'''

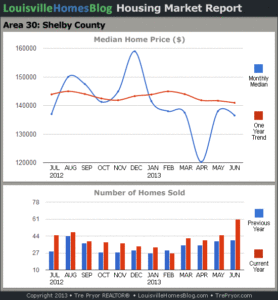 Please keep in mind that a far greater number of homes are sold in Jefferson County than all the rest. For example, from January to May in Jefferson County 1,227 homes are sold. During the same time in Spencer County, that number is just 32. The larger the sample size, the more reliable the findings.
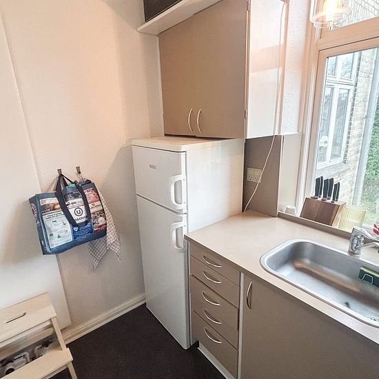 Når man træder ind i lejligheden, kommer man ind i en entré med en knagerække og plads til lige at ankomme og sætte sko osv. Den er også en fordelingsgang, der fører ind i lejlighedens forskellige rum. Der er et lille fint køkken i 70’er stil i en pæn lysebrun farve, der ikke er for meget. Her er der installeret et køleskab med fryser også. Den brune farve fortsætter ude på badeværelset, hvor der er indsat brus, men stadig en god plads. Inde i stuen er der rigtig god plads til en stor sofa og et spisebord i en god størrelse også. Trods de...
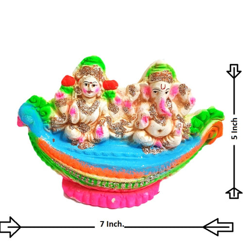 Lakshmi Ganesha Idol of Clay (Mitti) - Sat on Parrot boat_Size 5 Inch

'''
'''

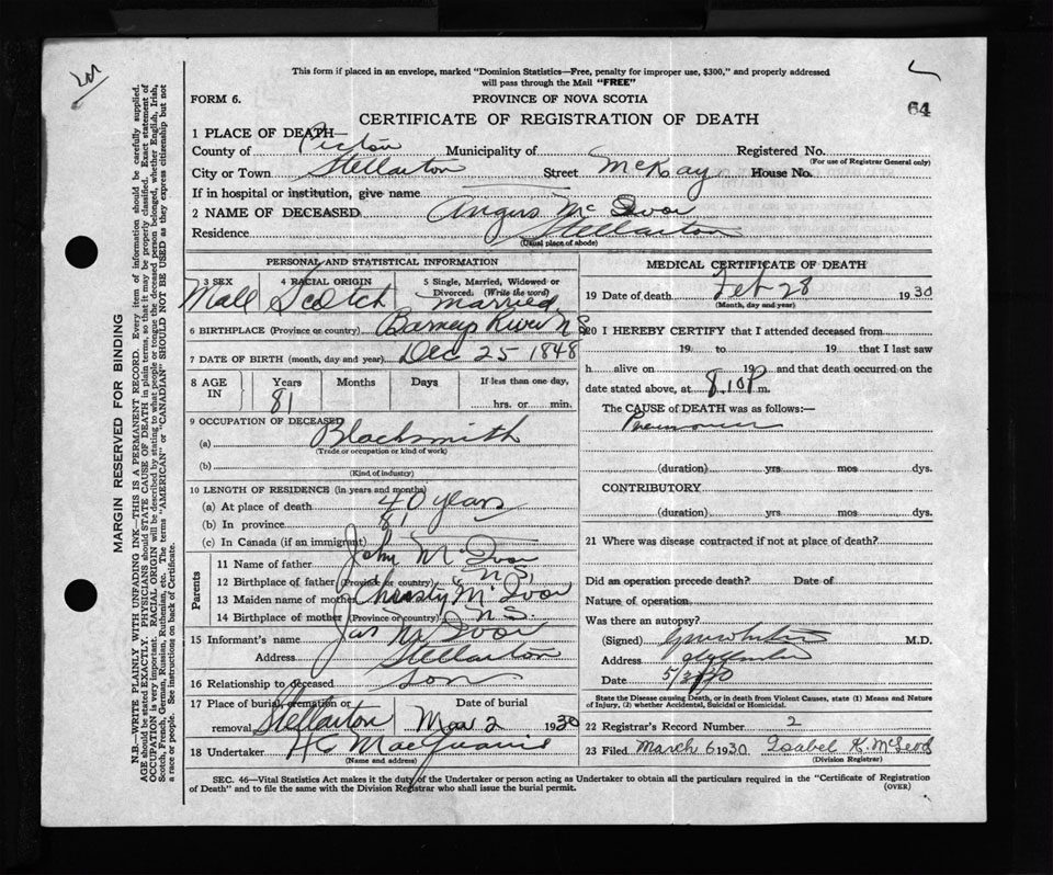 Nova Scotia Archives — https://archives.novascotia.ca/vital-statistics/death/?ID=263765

'''

Problem requirements → Because only one stretch of the records is wanted, please output the lines from the one holding "Please keep in" through the one holding "Lakshmi Ganesha Idol" exactly, both included, and leave every picture out.

Solution for this task →
 Please keep in mind that a far greater number of homes are sold in Jefferson County than all the rest. For example, from January to May in Jefferson County 1,227 homes are sold. During the same time in Spencer County, that number is just 32. The larger the sample size, the more reliable the findings.
 Når man træder ind i lejligheden, kommer man ind i en entré med en knagerække og plads til lige at ankomme og sætte sko osv. Den er også en fordelingsgang, der fører ind i lejlighedens forskellige rum. Der er et lille fint køkken i 70’er stil i en pæn lysebrun farve, der ikke er for meget. Her er der installeret et køleskab med fryser også. Den brune farve fortsætter ude på badeværelset, hvor der er indsat brus, men stadig en god plads. Inde i stuen er der rigtig god plads til en stor sofa og et spisebord i en god størrelse også. Trods de...
 Lakshmi Ganesha Idol of Clay (Mitti) - Sat on Parrot boat_Size 5 Inch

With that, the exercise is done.